> [What you are asked to do]: Omit the images, then output each of the records below exactly.

(Records contained in a dataset)
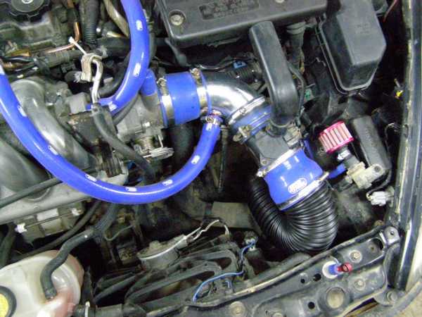 От нулевика как такового мы отказались ибо хороший только АЕМ, а стоит он как пол этой машины. Вместо этого нашлось совершенно гениальное решение. Закрытый стоковый airbox от моей прекрасной supra mk2. Он отлично встал в выделенное ему место.
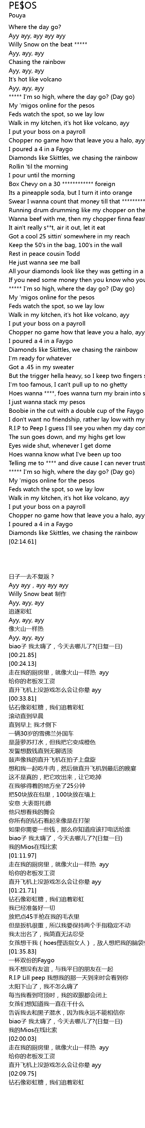 | [01:57.80] | My 'migos online for the pesos |
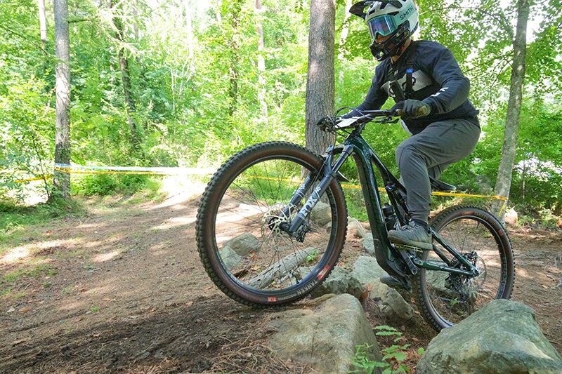 登りと下りの両方でE-MTBの特性をうまく引き出せるかがカギ。初級者から上級者まで幅広いレベルが挑戦しやすい競技として展開します。
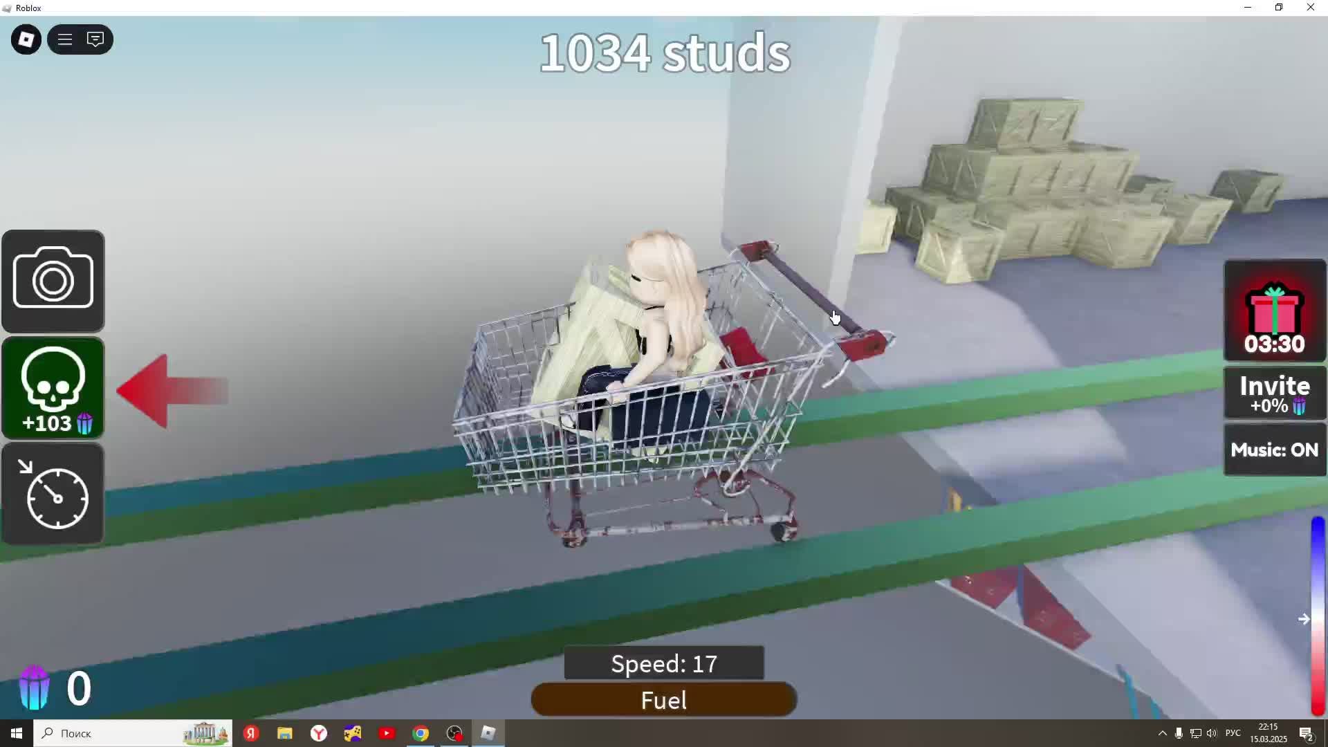 катаемся на тележке в роблоксе!
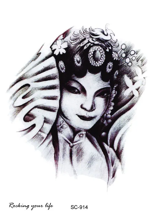 Sc2914 Besar 2d Sketsa Chinese Opera Senyum Gadis Desain Keren Dada

> [Task solution]:
 От нулевика как такового мы отказались ибо хороший только АЕМ, а стоит он как пол этой машины. Вместо этого нашлось совершенно гениальное решение. Закрытый стоковый airbox от моей прекрасной supra mk2. Он отлично встал в выделенное ему место.
 | [01:57.80] | My 'migos online for the pesos |
 登りと下りの両方でE-MTBの特性をうまく引き出せるかがカギ。初級者から上級者まで幅広いレベルが挑戦しやすい競技として展開します。
 катаемся на тележке в роблоксе!
 Sc2914 Besar 2d Sketsa Chinese Opera Senyum Gadis Desain Keren Dada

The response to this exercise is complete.